注意:请记住，使用 sklearn，您的模型可以直接预测标签，而 precision_score 是一种独立的方法.因此，它可以直接对预测和实际值的标签列表进行操作.然而，tf.keras.Precision() 是一个必须应用于二进制或多类密集输出的度量.它将无法直接使用标签.您必须为每个样本提供一个长度为 n 的数组，其中 n 是类/输出密集节点的数量.

NOTE: Remember, with sklearn, you have models that are predicting labels directly and the precision_score is a standalone method. Therefore, it can operate directly on a list of labels for predicted and actuals. However, tf.keras.Precision() is a metric that has to be applied over a binary or multi-class dense output. It will NOT be able to work with labels directly. You will have to give it an n-length array for each sample, where n is the number of classes/output dense nodes.

希望这能阐明 2 在各种情况下的不同之处.请在 sklearn 文档 和tf.keras 文档.

Hope this clarifies how the 2 are different in various scenarios. Please find more details in the sklearn documentation and the tf.keras documentation.

你的第二个问题 -

根据 sklearn 文档，

As per the sklearn documentation,

zero_division - "warn", 0 or 1, default="warn"
#Sets the value to return when there is a zero division. If set to "warn", #this acts as 0, but warnings are also raised.

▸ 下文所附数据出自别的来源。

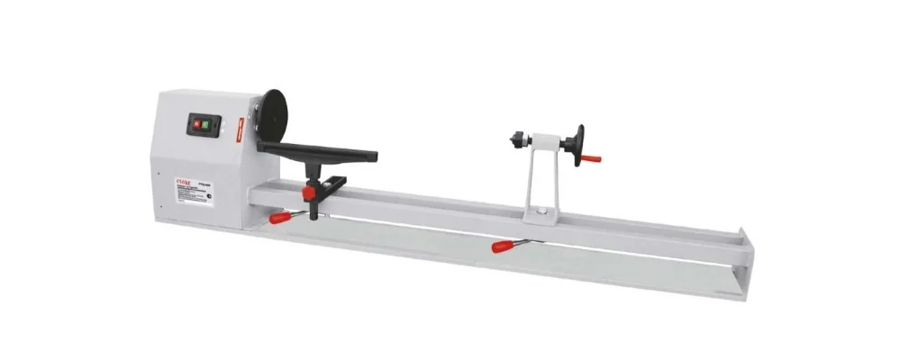 Наш обзор не обошёл стороной и токарный станок по дереву для дома модели Ставр СТД-400, который имеет специальные отверстия для установки на верстаке. Планшайба и винтовая пиноль дают возможность закреплять заготовки диаметром до 300 мм и длиной до 1 метра. Передвижная ручка позволяет жестко фиксировать опоры для резца. Благодаря магнитному выключателю модель защищается от самопроизвольного пуска после экстренного отключения питания сети. Агрегат имеет четыре скорости вращения шпинделя, изменение которых осуществляется путем перемещения ремня на двух шкивах. Высокое качество сборки обеспечивает долгий срок службы.

这是一个异常处理标志.在计算分数的过程中，如果遇到被零除，它会认为它等于零并警告.否则，如果明确设置为 1，则将其设置为 1.

This is an exception handling flag. During the calculation of the score, if there comes a time when it encounters a divide by zero, it will consider it to be equal to zero and warn. Else, set it to 1, if set explicitly as 1.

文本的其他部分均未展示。